Дочь к тому времени уже покинула отчий дом – и Элина Юрьевна включила в соседней комнате телевизор.
– Иди, Яша, там мультики.
Малыш пошлёпал из комнаты прочь – собака, вздохнув, последовала за ним, потому что службу никто не отменял.
Элина Юрьевна вновь вернулась к диплому, и раздражённое выражение лица исчезло – она вновь выглядела гордой, как скульптор.
– Вы молодец, Вера, – сказала профессорша, и Вера от смущения дёрнулась, уронив со стола чужие бумаги.
Извиняясь – я такая неловкая, простите, да ничего страшного, – Стенина подняла листы. Это были экспертные заключения.

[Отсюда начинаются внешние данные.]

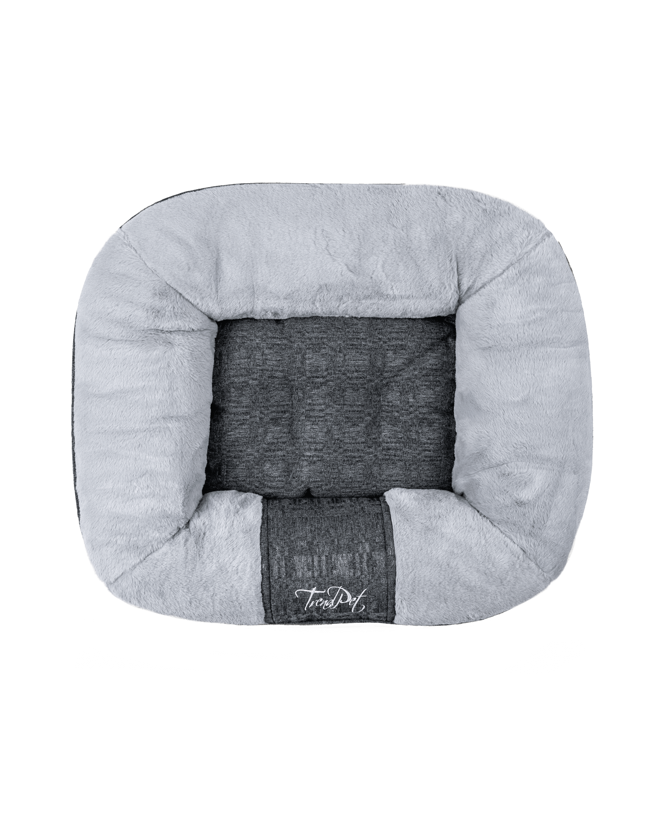 Der elegante graue Außenstoff harmoniert mit dem Innenflausch in Beige oder Grau und fügt sich stilvoll in jedes Zuhause ein. Praktisch: Der Bezug ist abnehmbar und bei 30 °C waschbar, sodass das Bett immer sauber bleibt.

– Посмотрите, если интересно, – предложила Элина Юрьевна. Ещё бы Вере было не интересно! «Рекомендуемое решение о возможности перемещения предмета через таможенную границу», «степень редкости», «следы от старой конвертизации», «обширные выпады фрагментов орнамента» – даже будучи засорённым, пропущенным сквозь канцелярскую машину, этот специфический язык очаровывал. Вера никак не могла насытиться – читала и читала, так что Элина Юрьевна начала коситься на неё почти так же, как старушка Клара в соседней комнате косилась на малыша: вдруг ему опять взбредёт на ум «показать глазик»?
– Вы хотели бы стать экспертом? – спросила Элина Юрьевна.
– Я давно об этом думаю, – призналась Вера.
– А я давно думаю с этим завязать, уж простите меня за грубое слово, – сказала Элина Юрьевна. – Дочь уговаривает бросить работу. У нас ведь сад большой… И Яша. А цветов сколько! Теплицы! Я могу вас подготовить, Вера, хотите?
Стенина изо всех сил постаралась выразить на лице глубочайшую заинтересованность – она знала, что мимика её часто подводит. Но не в этот раз.
Вот так в один и тот же день она получила благословение на защиту диплома – и шанс стать экспертом по культурным ценностям.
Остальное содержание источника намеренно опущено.